«Avec la COVID-19, j’ai vu des centaines de clients qui n’avaient jamais franchi la porte de la boutique auparavant. Les gens redécouvrent le secteur», selon Dominique Lauriault, propriétaire, café La Brûlerie. (Photo: courtoisie)
IMMOBILIER COMMERCIAL. Pendant le confinement, certains commerces situés au cœur de leur centre-ville devenu presque désert ont réussi, tant bien que mal, à tirer leur épingle du jeu. De Gatineau à Québec, en passant par Sherbrooke, portrait de trois commerçants demeurés ouverts grâce à leur formule hybride.
Un confinement qui a donné des ailes
Jamais, depuis l’ouverture du café La Brûlerie, en 1997, les affaires n’auront été aussi bonnes pour ce commerce de la rue Saint-Joseph, à Gatineau (secteur Hull). Le propriétaire, Dominique Lauriault, ne s’en cache pas. « Depuis le confinement, les gens ont davantage pris goût à l’achat de produits locaux. Du coup, mon chiffre d’affaires a grimpé d’au moins 50 % », indique le commerçant qui a pu conserver l’ensemble de ses cinq employés. Deux, craignant les risques, ont demandé de rester à la maison.
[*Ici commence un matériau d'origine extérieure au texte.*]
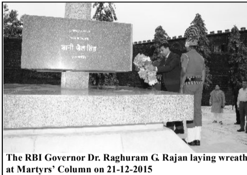
The RBI Governor Dr. Raghuram G. Rajan laying wreath at Martyrs' Column on 21-12-2015

Certes, la plateforme de commerce en ligne, dont le volume de ventes mensuelles a décuplé, passant de 400 $ à plus de 4 000 $, a contribué au succès de l’entreprise malgré ces temps de crise. Dominique Lauriault demeure toutefois convaincu que c’est avant tout son modèle hybride de café-marché santé qui lui a permis d’être épargné. « Nous avons été la toute première maison de torréfaction à s’être installée en Outaouais. Au fil des années, j’ai tenu à bonifier l’offre commerciale. Aux quelque 70 variétés de grains de café et accessoires pour le préparer, se sont ajoutés du thé, des bières de microbrasseries, des suppléments, des produits pour le corps, du pain, des fromages, des huiles et des vinaigres, des épices et même de la crème glacée », soulève l’entrepreneur.
Établi dans un des cinq secteurs du centre-ville de Hull actuellement visé par des efforts de revitalisation, Dominique Lauriault est conscient de ne pas avoir choisi la plus sexy des localisations en ville. « Mais avec la COVID-19, j’ai vu des centaines de clients qui n’avaient jamais franchi la porte de la boutique auparavant. Les gens redécouvrent le secteur, ce qui pourrait éventuellement se traduire par l’arrivée d’autres commerçants », dit-il.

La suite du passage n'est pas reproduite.